Pictures stay out of the copy. Retype exactly the lines below from the one with "Rhaenyra ist nach" through the one with "And now for".

EXTRACTED RECORDS:
• • • • • • •

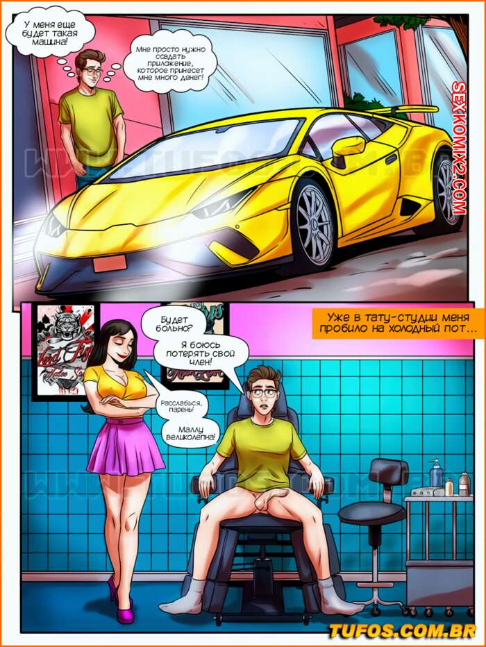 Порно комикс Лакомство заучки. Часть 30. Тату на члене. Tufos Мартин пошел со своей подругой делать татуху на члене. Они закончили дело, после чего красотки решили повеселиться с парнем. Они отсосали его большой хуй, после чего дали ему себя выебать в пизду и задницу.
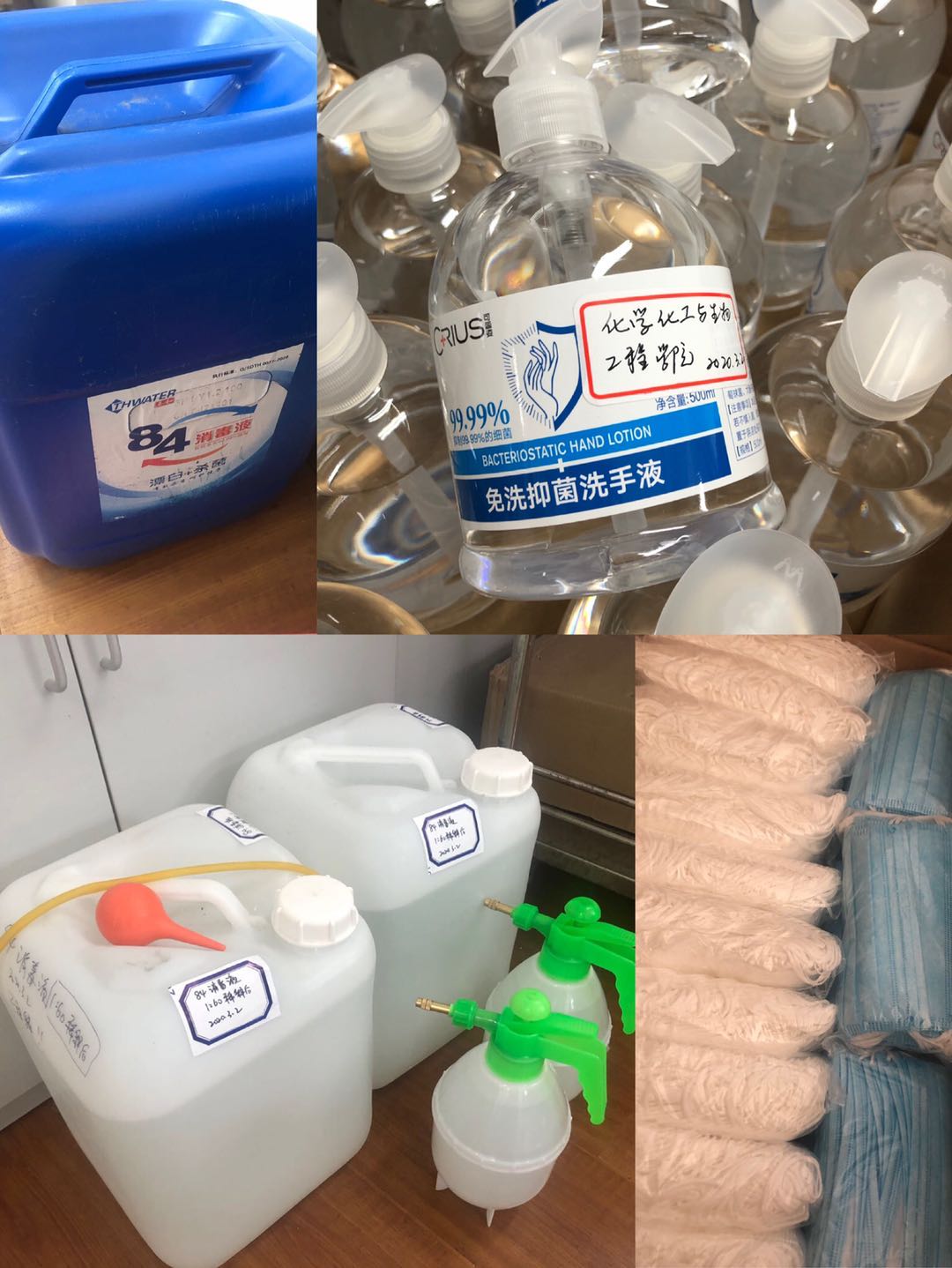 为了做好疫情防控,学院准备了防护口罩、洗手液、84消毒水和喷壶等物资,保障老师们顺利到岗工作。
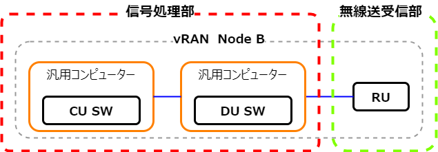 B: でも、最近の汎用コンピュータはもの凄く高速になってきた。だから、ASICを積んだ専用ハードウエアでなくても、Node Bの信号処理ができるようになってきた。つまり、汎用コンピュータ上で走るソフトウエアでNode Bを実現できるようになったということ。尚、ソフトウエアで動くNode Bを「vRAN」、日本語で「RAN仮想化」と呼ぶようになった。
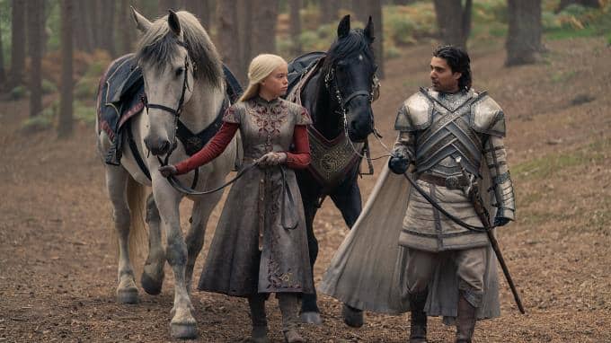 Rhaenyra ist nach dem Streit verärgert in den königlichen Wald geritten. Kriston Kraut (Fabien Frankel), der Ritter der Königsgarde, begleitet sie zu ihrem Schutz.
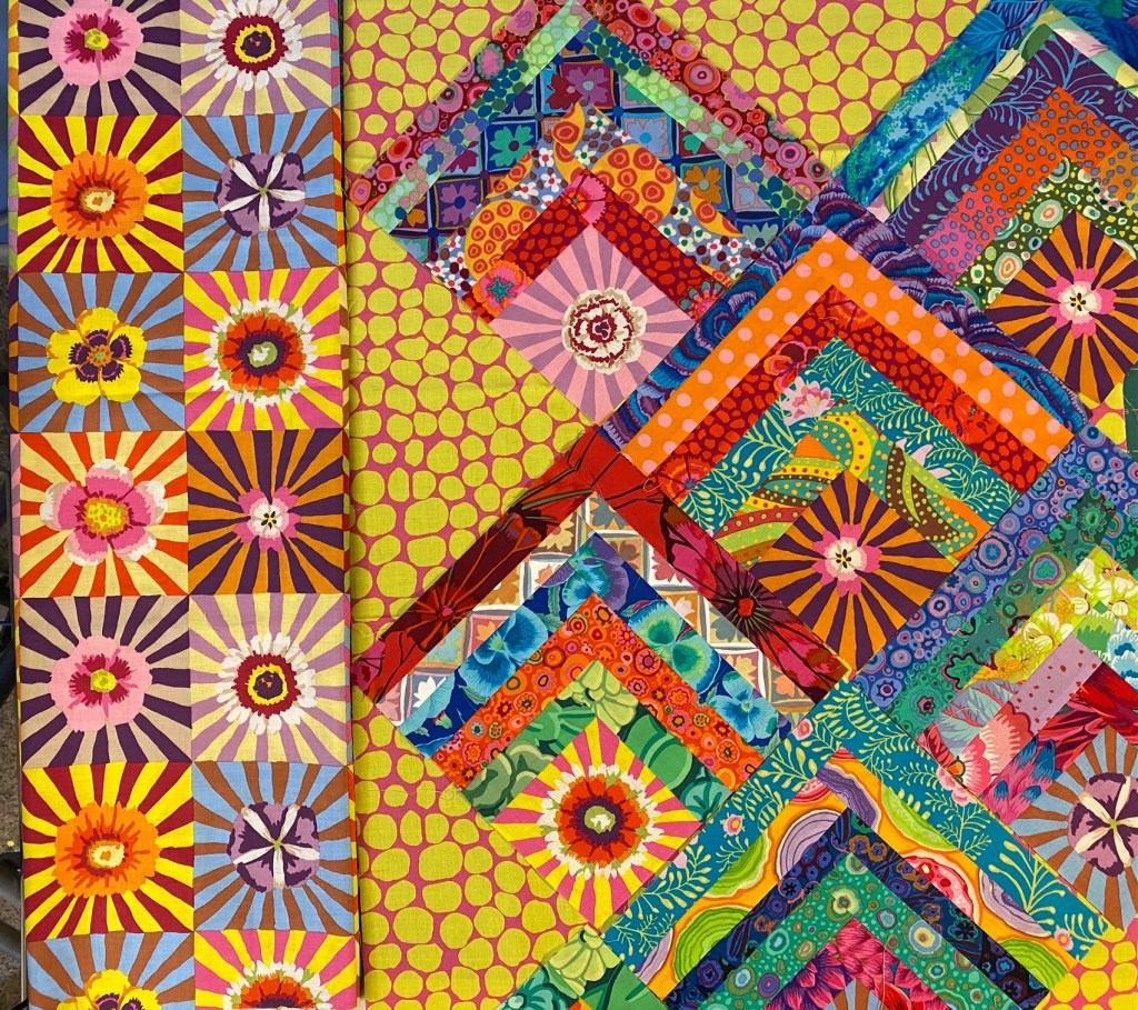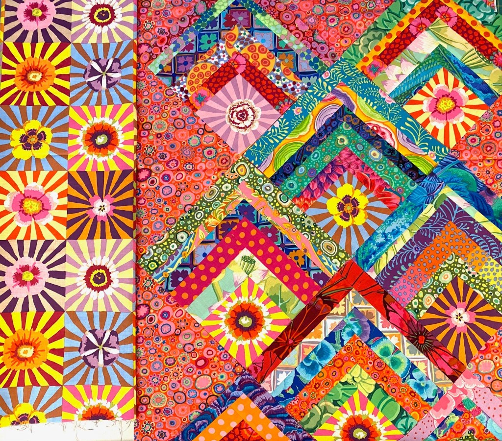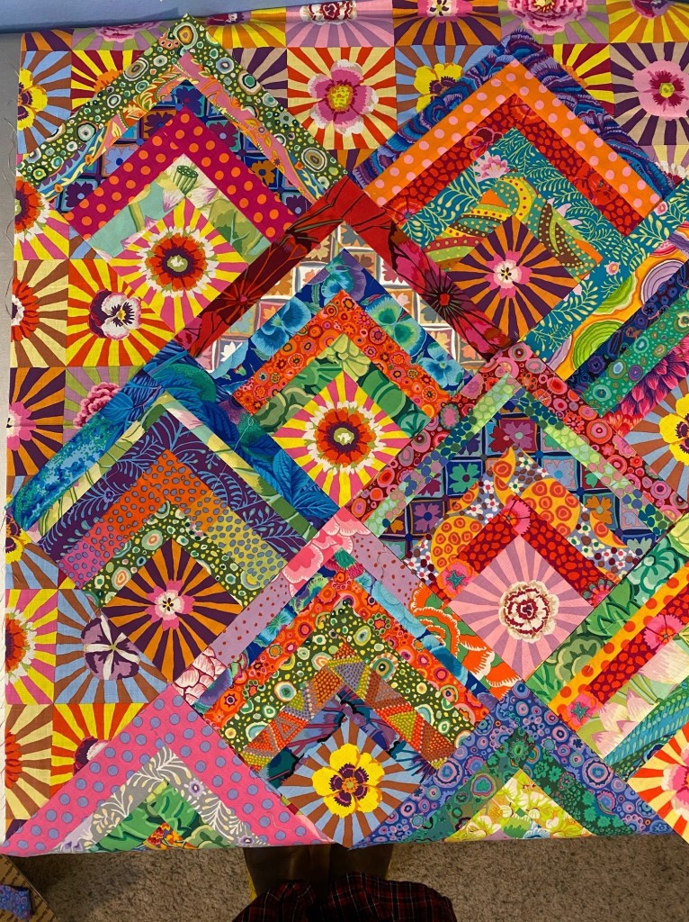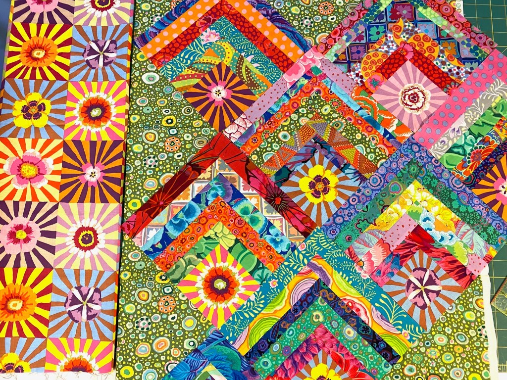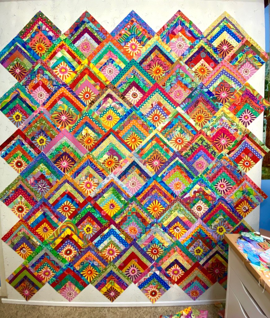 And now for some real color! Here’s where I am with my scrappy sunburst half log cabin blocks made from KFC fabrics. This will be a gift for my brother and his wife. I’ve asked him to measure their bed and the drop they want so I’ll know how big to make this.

• • • • • • •

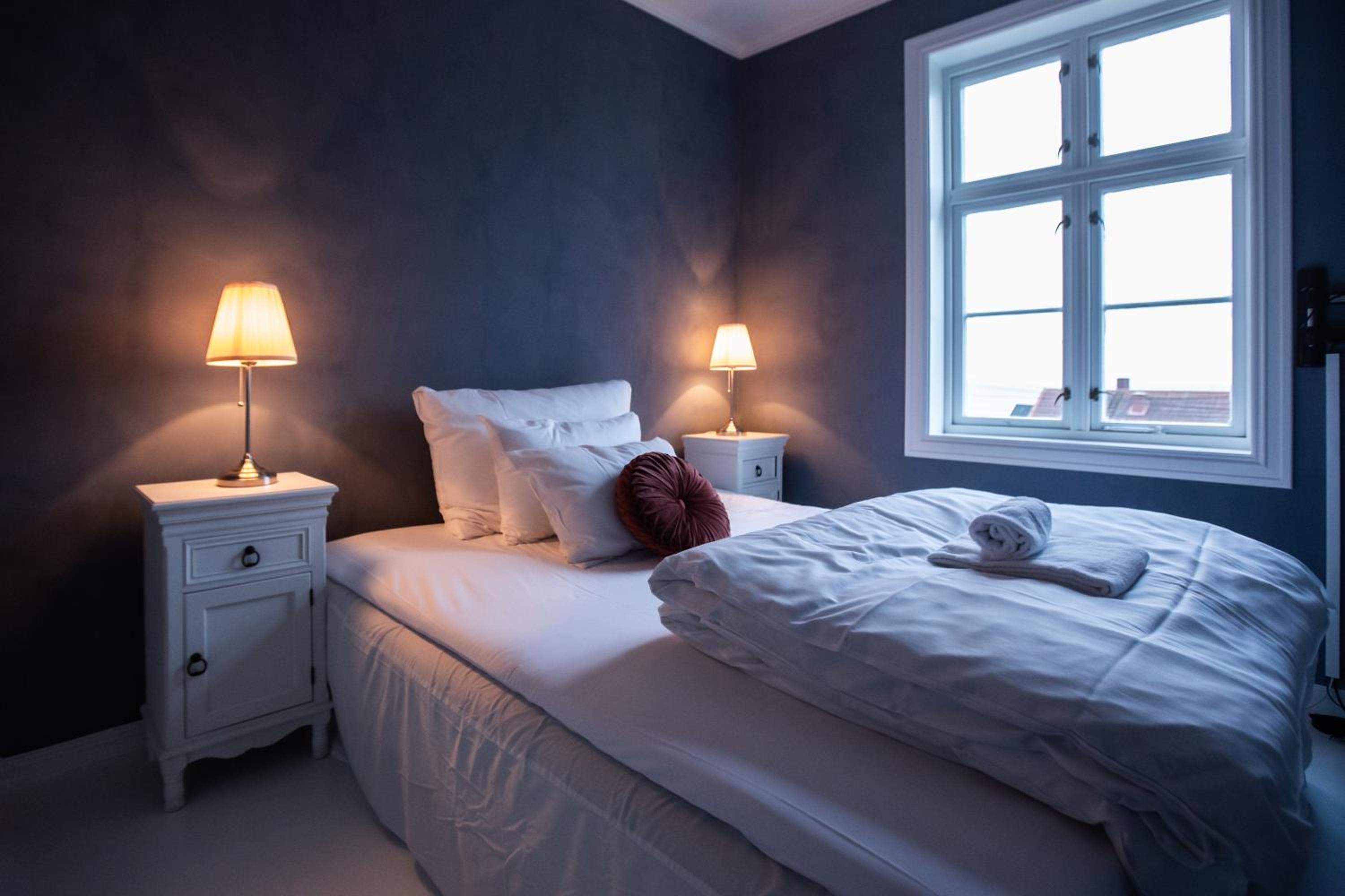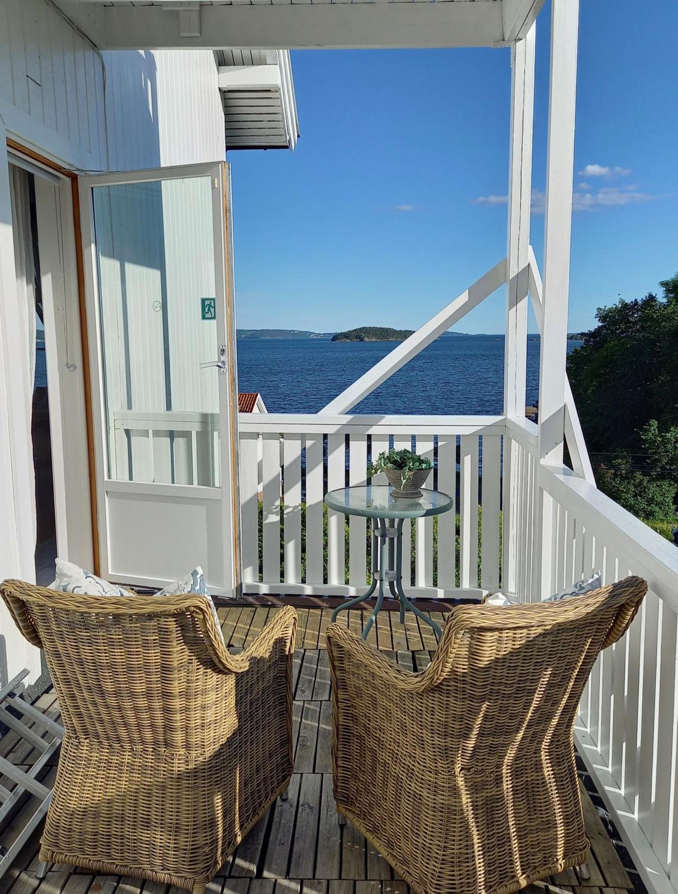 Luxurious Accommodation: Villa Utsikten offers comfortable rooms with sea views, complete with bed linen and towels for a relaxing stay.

• • • • • • •

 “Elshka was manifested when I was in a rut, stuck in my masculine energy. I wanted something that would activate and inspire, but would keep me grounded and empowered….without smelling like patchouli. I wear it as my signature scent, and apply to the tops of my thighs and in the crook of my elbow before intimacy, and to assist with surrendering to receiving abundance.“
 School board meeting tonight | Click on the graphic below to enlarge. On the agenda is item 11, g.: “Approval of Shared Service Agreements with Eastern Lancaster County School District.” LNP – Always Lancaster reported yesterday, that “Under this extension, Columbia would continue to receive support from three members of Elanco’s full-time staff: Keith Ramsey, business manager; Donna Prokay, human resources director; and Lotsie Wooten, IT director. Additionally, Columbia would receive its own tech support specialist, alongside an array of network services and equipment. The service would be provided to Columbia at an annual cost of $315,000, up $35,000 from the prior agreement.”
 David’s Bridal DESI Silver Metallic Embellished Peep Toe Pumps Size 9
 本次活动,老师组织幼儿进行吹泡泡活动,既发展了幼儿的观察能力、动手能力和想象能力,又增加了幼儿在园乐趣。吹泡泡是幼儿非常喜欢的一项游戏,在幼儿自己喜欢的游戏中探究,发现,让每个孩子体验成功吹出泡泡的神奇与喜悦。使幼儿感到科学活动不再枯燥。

• • • • • • •

EXPECTED ANSWER:
 Rhaenyra ist nach dem Streit verärgert in den königlichen Wald geritten. Kriston Kraut (Fabien Frankel), der Ritter der Königsgarde, begleitet sie zu ihrem Schutz.
 And now for some real color! Here’s where I am with my scrappy sunburst half log cabin blocks made from KFC fabrics. This will be a gift for my brother and his wife. I’ve asked him to measure their bed and the drop they want so I’ll know how big to make this.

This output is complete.